For Candace Milton, a successful woman in her forties, the collateral damage from her parents’ tortured marriage has led to a life of intentional unattachment. She is happy—enough. But a chance encounter with a friend of Melody’s father will challenge this assumption and force her to reimagine who she is and who she might become.
Big-hearted, evocative, and achingly relatable, What We Leave Behind grapples with destiny, belonging, and love, and makes us question our own idea of family: the kind we’re born into and the kind we create.
PUBLISHERS WEEKLY
The lukewarm latest from Halpern (What We Leave Behind) follows two women struggling to maintain their sense of self during a time of upheaval.
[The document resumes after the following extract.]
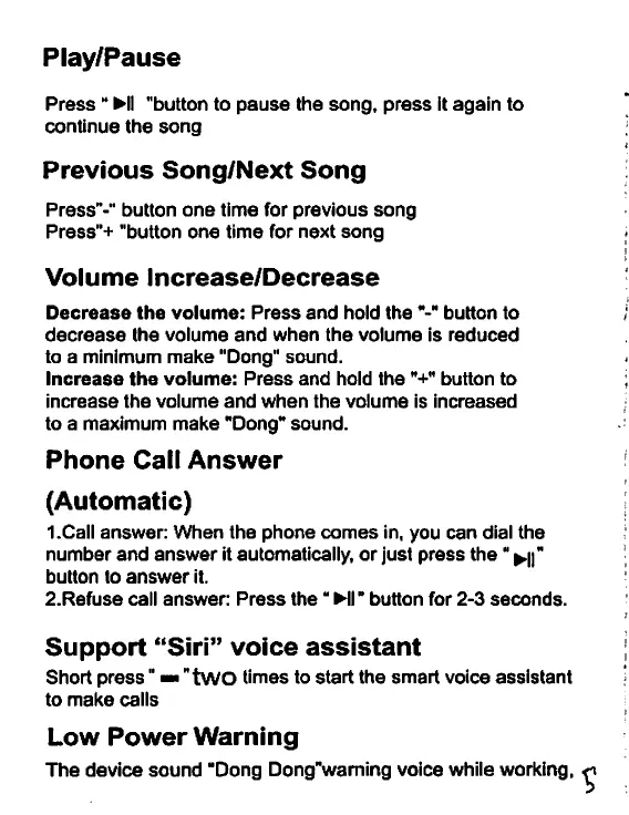 JZAQ BT30 - Functional Controls; Music Playback and Volume; Call Management; Voice Assistant and Warnings

Melody, 17, has just lost her adoptive mother in a freak car accident. Her father, Eddie, is paralyzed by grief, leaving Melody to mourn in her own way. Having lived in foster care as a young girl, she's angry at the lack of clarity about her origins. She rebels, threatening to forgo college to work on an organic farm. A parallel narrative centers on 40-something Candace, an unmarried HR professional. When her company moves from New York City to Connecticut, she buys a house where she hosts Thanksgiving with friends, during which a guest rescues her neighbor, Tom, after he falls through the ice on a nearby pond. As Candace and Tom become friends and discover a romantic spark, she's forced to confront the limits of her desire for independence. Conveniently, Tom and Eddie were college buddies, so Halpern manages to link Melody's and Candace's stories. Halpern is a master wordsmith, but the narrative itself offers few surprises. This fails to make much of an impact.